Provided records:
____

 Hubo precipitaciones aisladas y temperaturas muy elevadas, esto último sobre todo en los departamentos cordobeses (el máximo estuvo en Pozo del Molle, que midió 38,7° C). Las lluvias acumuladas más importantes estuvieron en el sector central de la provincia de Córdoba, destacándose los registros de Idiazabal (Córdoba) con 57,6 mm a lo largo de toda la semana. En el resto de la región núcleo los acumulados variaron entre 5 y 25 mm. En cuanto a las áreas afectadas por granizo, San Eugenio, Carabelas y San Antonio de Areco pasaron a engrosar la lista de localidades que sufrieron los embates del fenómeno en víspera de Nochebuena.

____

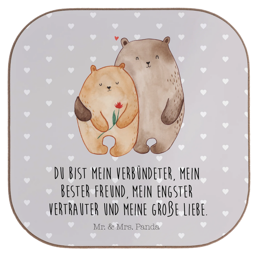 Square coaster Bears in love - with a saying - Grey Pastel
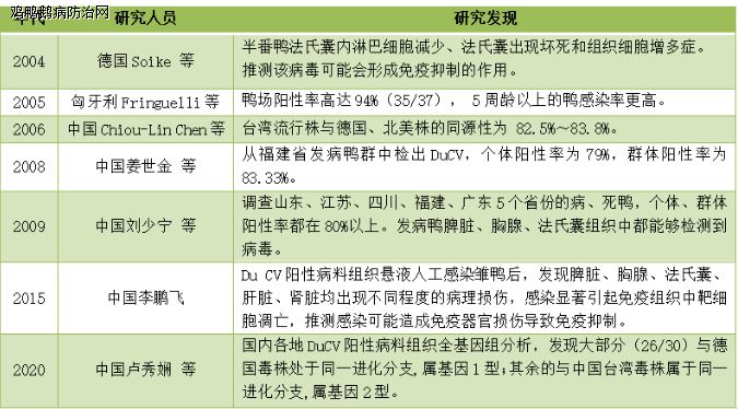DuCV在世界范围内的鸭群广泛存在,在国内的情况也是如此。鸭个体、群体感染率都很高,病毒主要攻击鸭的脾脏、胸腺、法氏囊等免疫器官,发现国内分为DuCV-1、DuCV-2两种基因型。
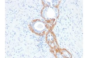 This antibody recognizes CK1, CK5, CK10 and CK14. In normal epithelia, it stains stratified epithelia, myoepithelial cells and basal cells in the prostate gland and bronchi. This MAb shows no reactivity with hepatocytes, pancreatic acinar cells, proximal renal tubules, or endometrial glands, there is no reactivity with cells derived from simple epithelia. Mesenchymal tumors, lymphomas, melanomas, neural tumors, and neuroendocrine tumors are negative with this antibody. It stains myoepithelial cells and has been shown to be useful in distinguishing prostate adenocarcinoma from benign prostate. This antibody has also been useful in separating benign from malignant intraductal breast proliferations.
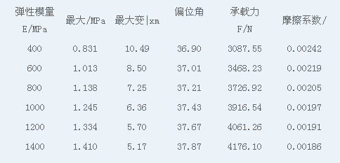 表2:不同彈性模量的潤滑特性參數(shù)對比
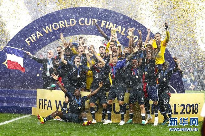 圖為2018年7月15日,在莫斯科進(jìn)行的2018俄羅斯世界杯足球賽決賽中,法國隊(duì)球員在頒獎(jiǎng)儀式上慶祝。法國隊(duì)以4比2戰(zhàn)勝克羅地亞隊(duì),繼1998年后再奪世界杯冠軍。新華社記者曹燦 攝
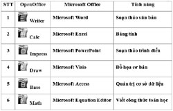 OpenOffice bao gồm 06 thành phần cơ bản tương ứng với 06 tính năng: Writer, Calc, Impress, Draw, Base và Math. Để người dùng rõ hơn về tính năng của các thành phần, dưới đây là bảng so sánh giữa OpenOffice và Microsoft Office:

____

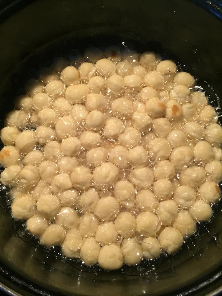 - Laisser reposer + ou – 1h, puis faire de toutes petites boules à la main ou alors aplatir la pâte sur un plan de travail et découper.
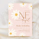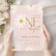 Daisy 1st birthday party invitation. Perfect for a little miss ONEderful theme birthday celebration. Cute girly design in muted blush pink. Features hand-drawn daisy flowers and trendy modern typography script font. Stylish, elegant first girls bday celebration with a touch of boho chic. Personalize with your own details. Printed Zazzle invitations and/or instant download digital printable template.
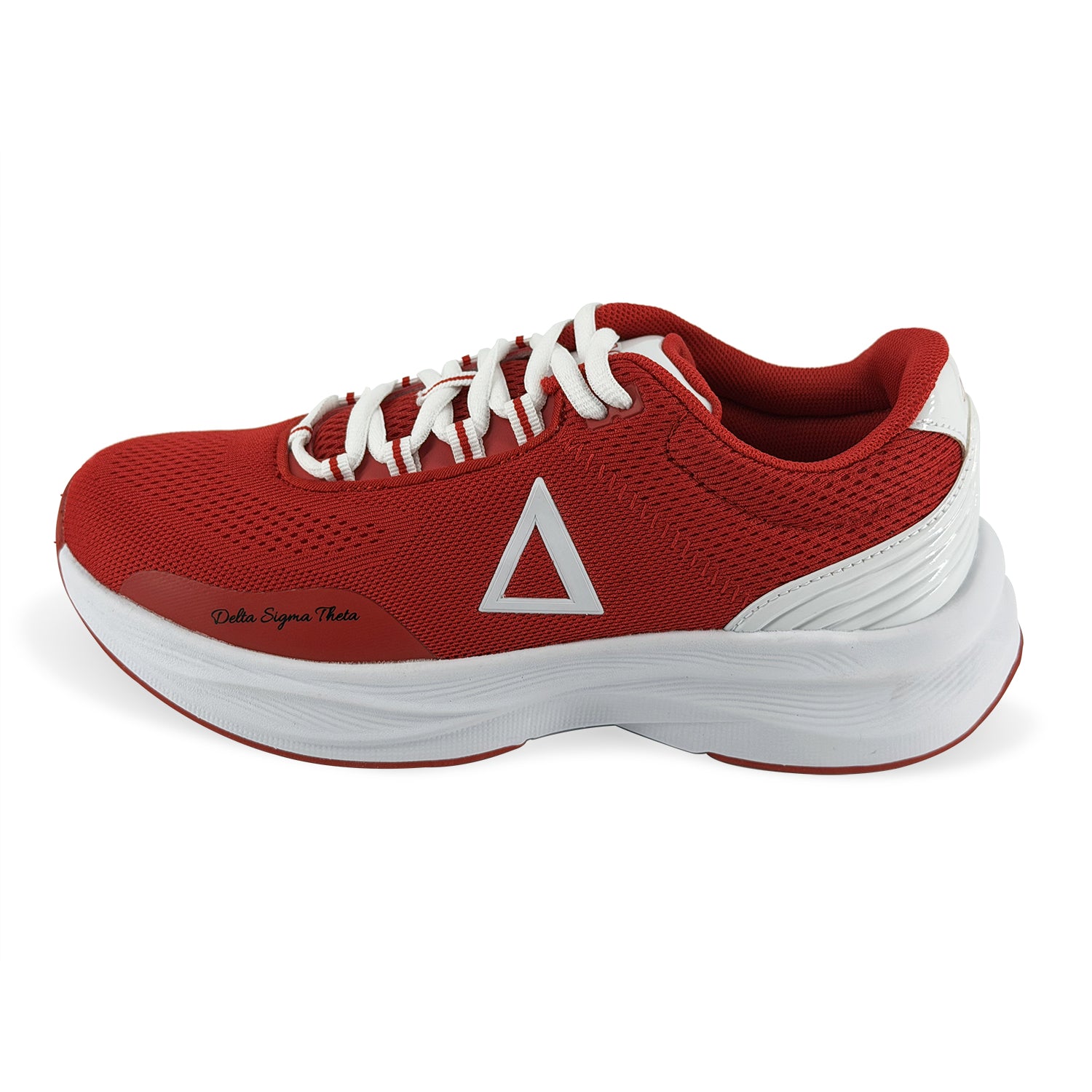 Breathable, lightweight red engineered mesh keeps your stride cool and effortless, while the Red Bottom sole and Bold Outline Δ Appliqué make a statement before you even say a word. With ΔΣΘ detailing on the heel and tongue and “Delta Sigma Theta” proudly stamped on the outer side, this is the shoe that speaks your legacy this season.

____

Exercise instructions:
Although pictures appear among the records above, write out exactly only the lines from the one that has "Square coaster Bears" through the one that has "This antibody recognizes", and leave the pictures out.

Solution for this task:
 Square coaster Bears in love - with a saying - Grey Pastel
DuCV在世界范围内的鸭群广泛存在,在国内的情况也是如此。鸭个体、群体感染率都很高,病毒主要攻击鸭的脾脏、胸腺、法氏囊等免疫器官,发现国内分为DuCV-1、DuCV-2两种基因型。
 This antibody recognizes CK1, CK5, CK10 and CK14. In normal epithelia, it stains stratified epithelia, myoepithelial cells and basal cells in the prostate gland and bronchi. This MAb shows no reactivity with hepatocytes, pancreatic acinar cells, proximal renal tubules, or endometrial glands, there is no reactivity with cells derived from simple epithelia. Mesenchymal tumors, lymphomas, melanomas, neural tumors, and neuroendocrine tumors are negative with this antibody. It stains myoepithelial cells and has been shown to be useful in distinguishing prostate adenocarcinoma from benign prostate. This antibody has also been useful in separating benign from malignant intraductal breast proliferations.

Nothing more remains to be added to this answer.